How cool is this? A 1967 Opel Diplomat A coupe, complete with 327 Chev V8 power! This particular example – the last of the line – is owned by Opel’s current CEO, Dr Karl-Thomas Neumann.
By the time this car was produced, we Aussies were still a year away from seeing our first 327-powered HK Monaro. But the Germans had been enjoying Chev-powered KAD models since 1964 – the same period we were still getting excited about 179-powered EH Holdens!
KAD stands for Kapitan, Admiral and Diplomat – the Opel equivalent of our Belmont, Kingswood and Premier – and like their Holden cousins, they were mostly powered by straight-sixes. The Chev-powered versions – both 283 and 327 – were screwed together by Karmann and their numbers were small – just 347 units.
While the KAD cars have a family resemblance to some Holdens and Chevrolets of the same era, as far as we know they didn’t share any underpinnings, such was the economy of scale back in those days! It is amazing to think that Holden, Opel, Vauxhall and Chevrolet could be building cars in similar market categories without even bothering to share technology, drivelines or underpinnings.
What’s even more crazy is how the design language was carried across the brands despite lacking the technology that we take for granted today – they didn’t have faxes, let alone emails! Blokes like US-born Holden design legend Leo Pruneau got moved around a bit, so a fresh idea in Detroit would then get replicated in Europe or Australia.

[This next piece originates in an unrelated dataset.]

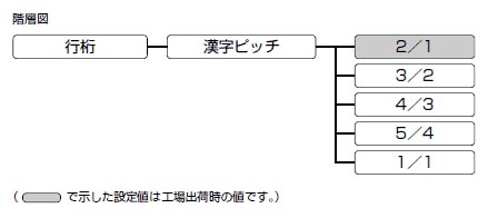 2バイトコード文字(漢字)の文字ピッチを1バイトコード文字(ANK文字)の文字ピッチの何倍にするかを設定します。
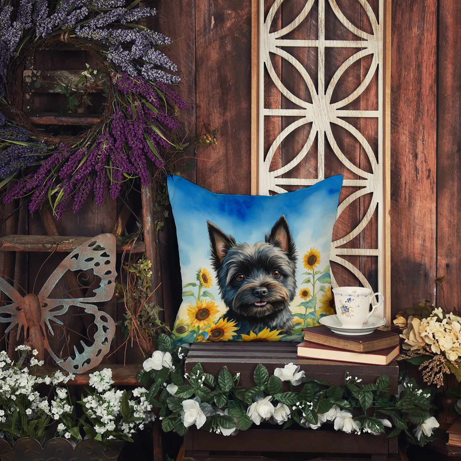 Throw Pillow featuring breed specific Cairn Terrier artwork. Add a touch of vibrancy and comfort to your outdoor seating with Caroline's Treasures Fabric Decorative Pillow. Measuring approximately 14 inches by 14 inches, this outdoor pillow is crafted to elevate the appeal of your patio furniture, infusing it with vivid color and artistic flair. The pillow includes a 100% Polyester Fabric sham filled with a quality pillow form to provide superior comfort. Innovatively made from our brand new material, specifically woven for its water resistance, this pillow is designed for durability. The soft canvas fabric offers versatility in use, fit for your indoor couch or your outdoor patio, porch, or veranda. The fabric is dyed with colorfast dyes built for resilience against weather conditions, ensuring the pillow retains its beauty over time. Constructed by sewing three fabric pieces to create a sham, the polyester insert is then nestled inside to form the pillow, resulting in an overstuffed pillow that maintains its shape. Both the sham and the pillow insert are proudly made in the United States. As the pillows are handcrafted, there may be minor variations in size, further enhancing their unique charm. Experience comfort in style with Caroline's Treasures Fabric Decorative Pillow.

Anyway, it took until the T-chassis cars, such as our Holden Gemini, to bring the GM brands together and save them from developing their own models from scratch; GM called it their first ‘World Car’ for a reason. It also meant they didn’t have to try and shoehorn the wrong model into the wrong market, like the crappy HA Viva in bronzed and burly Australia.
If all of that sounds pretty crazy, consider that GM South Africa built and sold the PC Vauxhall Viscount with 318 Chrysler V8 power!
And speaking of South Africa, you may have seen some photos circulating on the web purporting to show an HR Holden ‘coupe’ prototype, half-dead in someone’s backyard in that country.
Careful research shows that it’s an Opel Rekord C with HR rear tail-lights and bootlid quite expertly grafted in. The shape of the doors and rear-window line give it away, as do the flow-through vents on the C-pillar, which are fairly distinctive.
Of course, every armchair expert on the forums has been like: “It’s an HR Monaro coupe mate, they exported them to South Africa mate, like HQs mate,” but that’s not the case. The waters were further muddied by pics online of another, mint South African HR coupe, but it’s been Photoshopped, albeit quite well. Again, it’s a Rekord C coupe, but the door handle is in the wrong spot – and the trees in the background have a telltale straight edge.
Holden’s design team certainly toyed with the idea of an HR coupe though. Norm Darwin’s excellent Monaro Magic book shows some full-size airbrushed renderings of different HR coupe concepts and even a full-size mock-up using an HR sedan and fibreglass coupe panels. Ah, what could have been.